___ Given entries
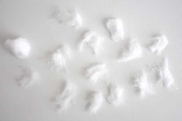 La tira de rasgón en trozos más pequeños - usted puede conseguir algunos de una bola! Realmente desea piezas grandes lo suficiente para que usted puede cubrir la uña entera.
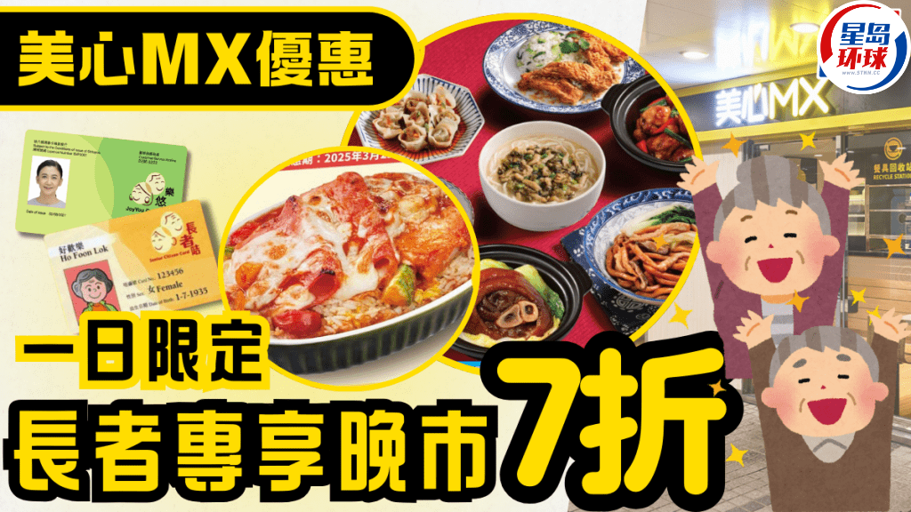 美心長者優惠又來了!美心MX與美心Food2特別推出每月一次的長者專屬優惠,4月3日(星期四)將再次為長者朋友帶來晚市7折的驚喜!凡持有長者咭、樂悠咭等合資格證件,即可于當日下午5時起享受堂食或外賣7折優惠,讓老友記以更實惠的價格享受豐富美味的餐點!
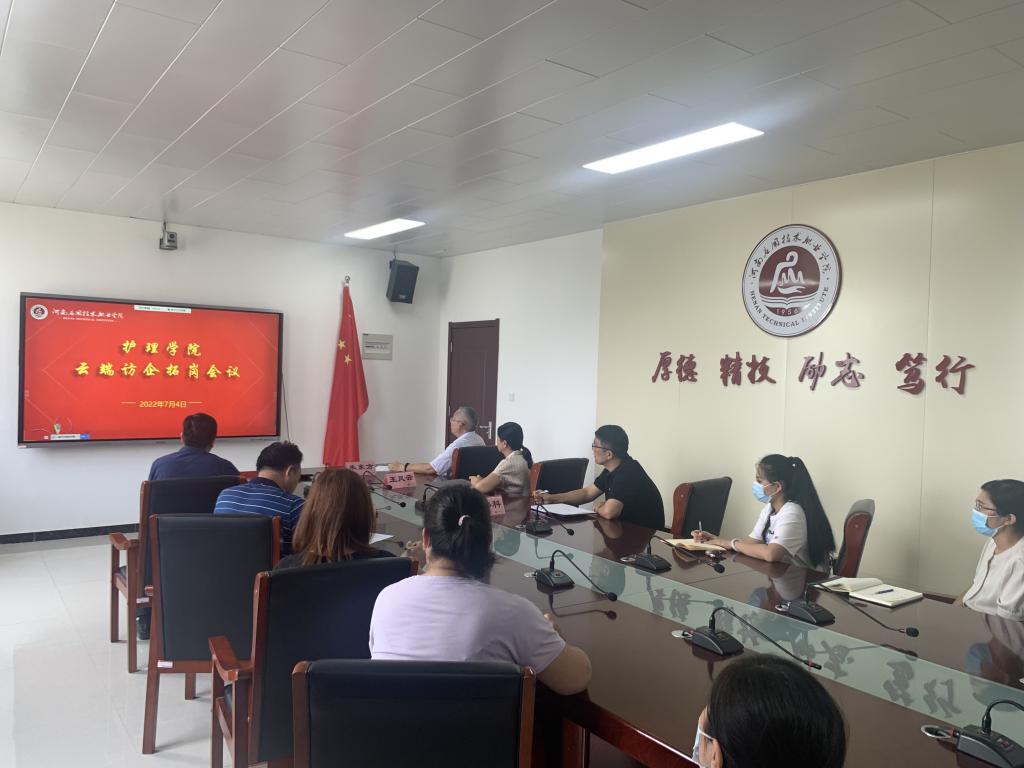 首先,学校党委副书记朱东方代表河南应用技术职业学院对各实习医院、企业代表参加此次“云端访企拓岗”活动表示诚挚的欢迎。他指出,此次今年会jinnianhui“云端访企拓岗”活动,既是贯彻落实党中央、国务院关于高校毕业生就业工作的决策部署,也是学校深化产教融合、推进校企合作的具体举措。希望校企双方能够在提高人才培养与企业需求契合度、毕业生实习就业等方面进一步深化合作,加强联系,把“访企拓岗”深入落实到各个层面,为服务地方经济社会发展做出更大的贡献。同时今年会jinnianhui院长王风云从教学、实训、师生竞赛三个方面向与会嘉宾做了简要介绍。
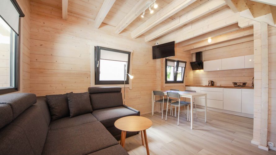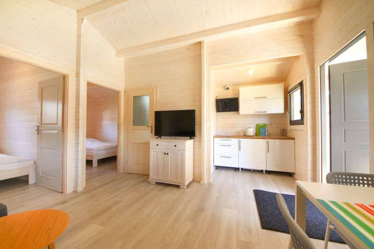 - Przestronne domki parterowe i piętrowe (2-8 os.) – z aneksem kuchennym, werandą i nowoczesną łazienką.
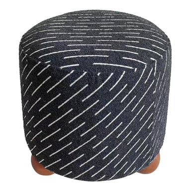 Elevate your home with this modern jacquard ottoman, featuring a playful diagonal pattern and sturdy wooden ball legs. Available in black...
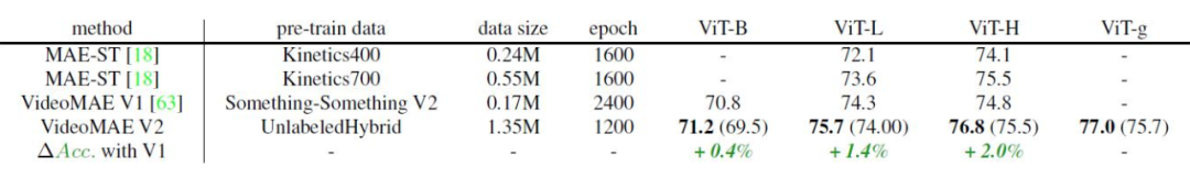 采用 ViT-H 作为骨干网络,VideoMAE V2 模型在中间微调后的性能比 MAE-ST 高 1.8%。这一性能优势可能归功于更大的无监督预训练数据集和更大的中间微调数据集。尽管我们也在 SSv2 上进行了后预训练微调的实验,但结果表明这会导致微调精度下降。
______
___ Given entries
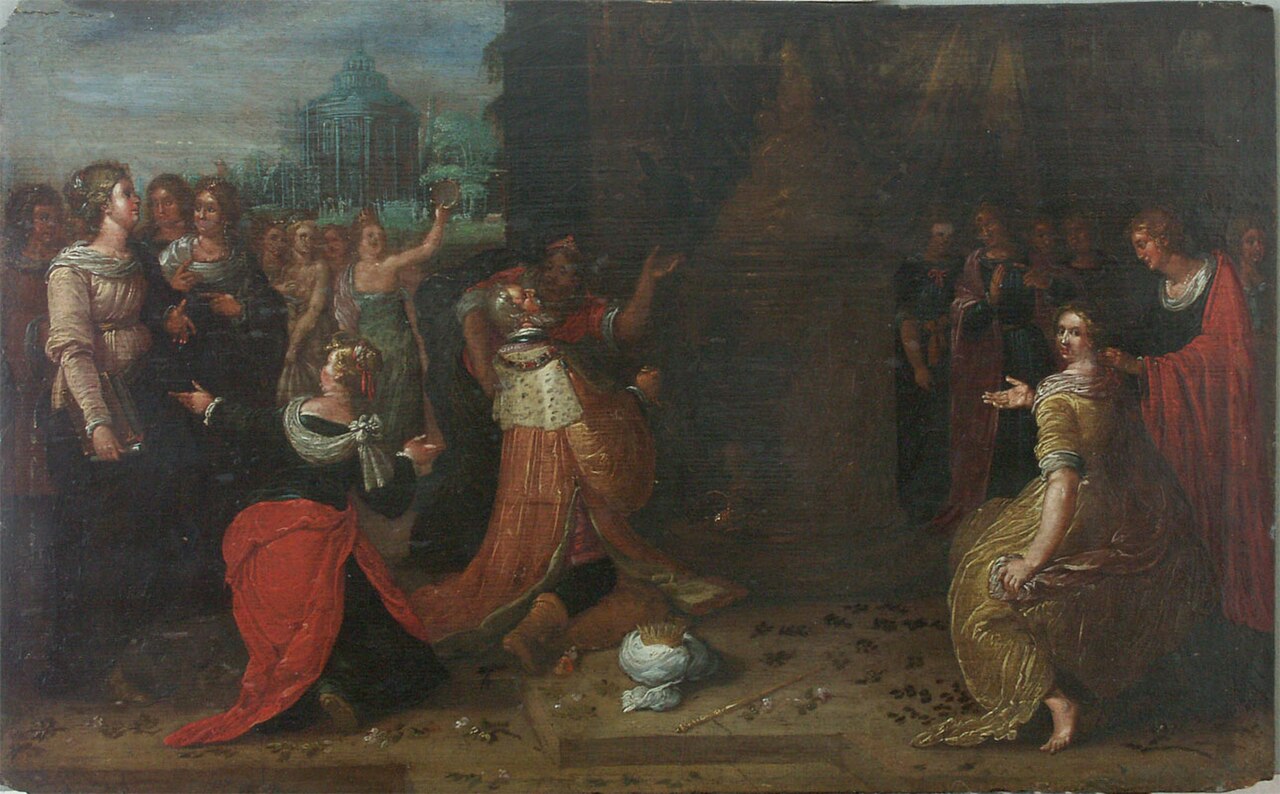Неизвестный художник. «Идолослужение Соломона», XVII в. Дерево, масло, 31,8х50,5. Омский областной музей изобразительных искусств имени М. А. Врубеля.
______
___ Given entries
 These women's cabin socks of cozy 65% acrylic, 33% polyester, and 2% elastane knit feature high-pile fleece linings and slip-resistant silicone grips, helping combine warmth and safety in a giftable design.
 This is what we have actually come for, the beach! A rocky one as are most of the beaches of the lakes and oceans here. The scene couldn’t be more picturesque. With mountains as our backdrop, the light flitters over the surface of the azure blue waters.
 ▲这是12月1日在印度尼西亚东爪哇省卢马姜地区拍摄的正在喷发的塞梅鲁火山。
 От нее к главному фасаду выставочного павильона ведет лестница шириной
______
Of the lines above, copy only those from the one holding "La tira de rasgón" to the one holding "美心長者優惠又來了!美心MX", both included, and exclude every image.

 La tira de rasgón en trozos más pequeños - usted puede conseguir algunos de una bola! Realmente desea piezas grandes lo suficiente para que usted puede cubrir la uña entera.
 美心長者優惠又來了!美心MX與美心Food2特別推出每月一次的長者專屬優惠,4月3日(星期四)將再次為長者朋友帶來晚市7折的驚喜!凡持有長者咭、樂悠咭等合資格證件,即可于當日下午5時起享受堂食或外賣7折優惠,讓老友記以更實惠的價格享受豐富美味的餐點!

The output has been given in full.